It seems some government customers can request Intel's always-on Management Engine (ME) 'master controller' for its CPUs to be disabled.
That's not an option for the general public, but researchers at Russian security firm Positive Technologies have found a way to use these government-only privileges to disable ME.
ME is a core component of modern Intel chips that if compromised can provide an attacker with a powerful backdoor. As the researchers note, ME can't be completely disabled because of its role in initializing hardware, power management, and launching the main processor.
Security researchers have long been worried by Intel ME because it's impossible for anyone but Intel to audit for any backdoors, which has led to numerous attempts to disable it, including the me_cleaner project.
Concern over it was raised again in May after a critical flaw was found in Intel's Active Management Technology firmware, an enterprise feature for remote PC management that runs on ME.
The AMT bug prompted the EFF's call on Intel to provide a way disable or limit ME, which it described as an "undocumented master controller for your CPU".

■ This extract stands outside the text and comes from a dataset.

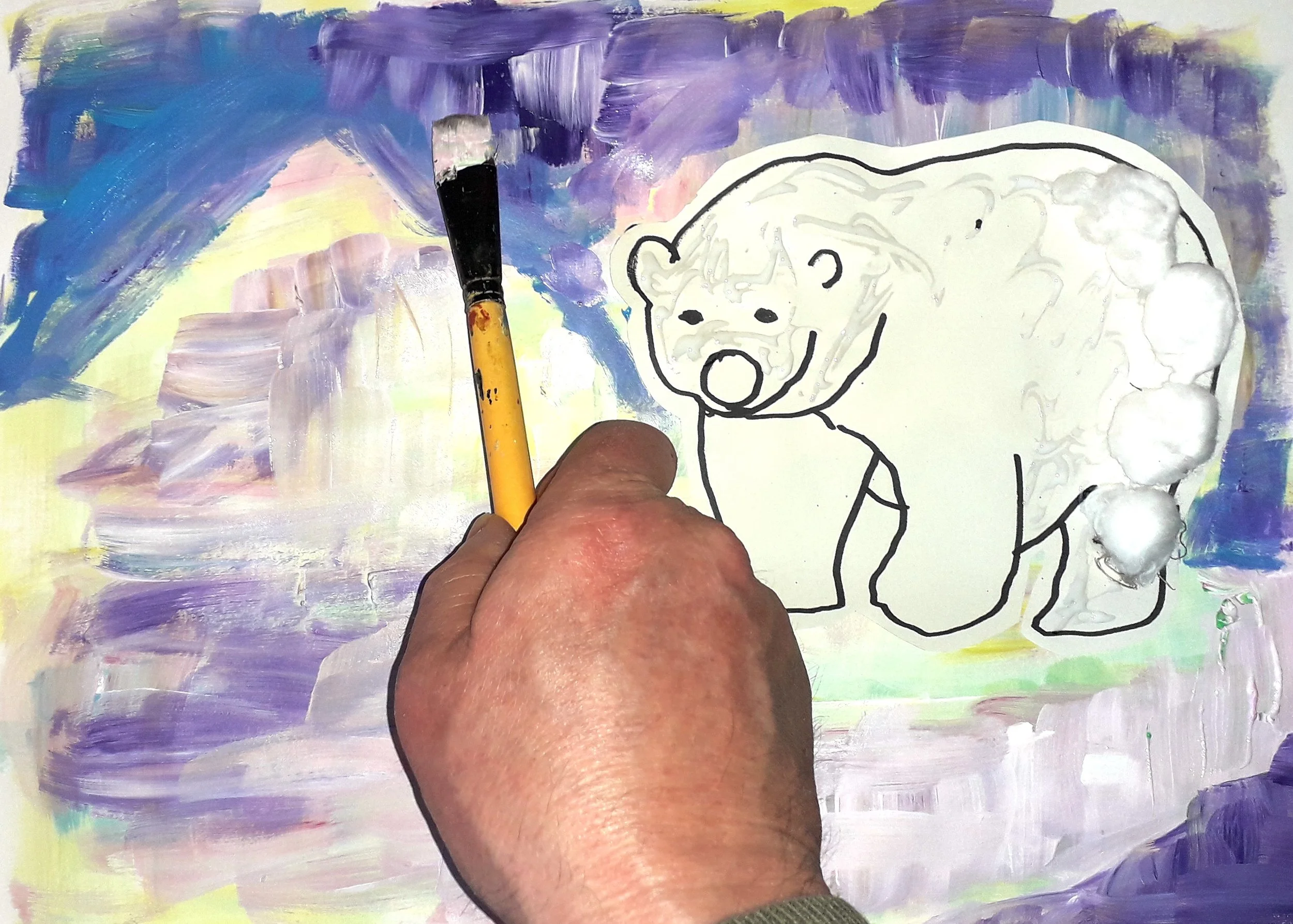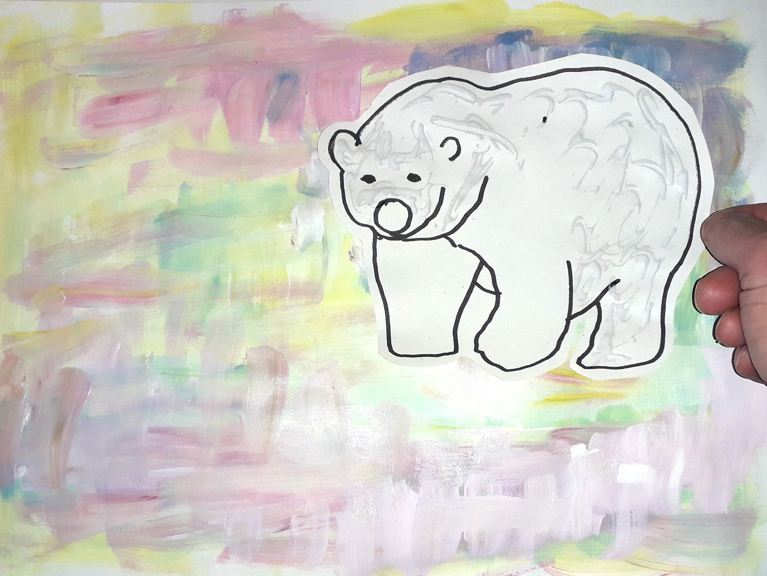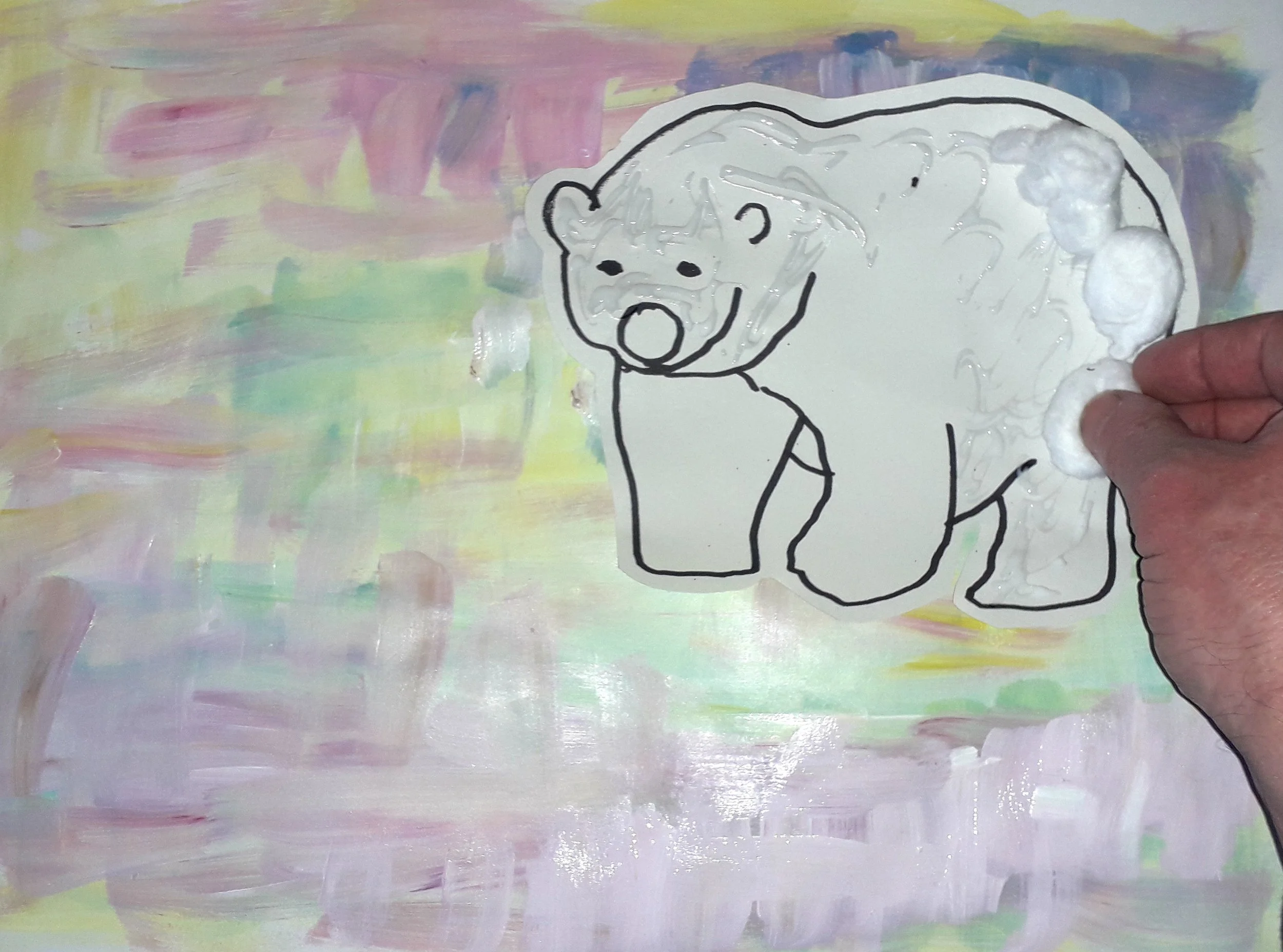 Cut out template for little bear and paste onto left side. Paste cotton wool on.

Without a disabling mechanism and greater transparency from Intel, the EFF cautioned that Intel chips might not be safe to use in critical-infrastructure systems.
Positive Technologies researchers Mark Ermolov and Maxim Goryachy discovered that Intel ME can be disabled by setting a 'HAP mode activation bit' found in the ME firmware code. The researchers found a field in ME's firmware files called 'reserve_hap' with a comment next to it stating 'High Assurance Platform enable'.
HAP refers to the US government's High Assurance Platform Program, a secure computing program run by the NSA in collaboration with the tech industry. According to Bleeping Computer, disabling ME requires setting the relevant bit to '1'.
Intel confirmed to Positive Technologies that the undocumented HAP mode activation bit is present to support customers participating in the HAP program.
"In response to requests from customers with specialized requirements we sometimes explore the modification or disabling of certain features," Intel said in a statement.
"In this case, the modifications were made at the request of equipment manufacturers in support of their customer's evaluation of the US government's High Assurance Platform program. These modifications underwent a limited validation cycle and are not an officially supported configuration."
Ermolov and Goryachy speculate that the HAP mode is designed to reduce the chances of side-channel leaks.
The researchers have provided a utility on GitHub for others to disable ME without Intel's assistance, but warn users may destroy their device by using it.
Nonetheless, the researchers have provided a way to disable ME after the hardware has initialized, and the main processor has started.
Update - Intel has told ZDNet: "Intel does not and will not design backdoors for access into its products. Recent reports claiming otherwise are misinformed and blatantly false. Intel does not participate in any efforts to decrease security of its technology."
The headline of this story has been amended. The 'HAP mode' linked to the NSA-run High Assurance Platform Program could enable customers to switch ME off, not to switch it on.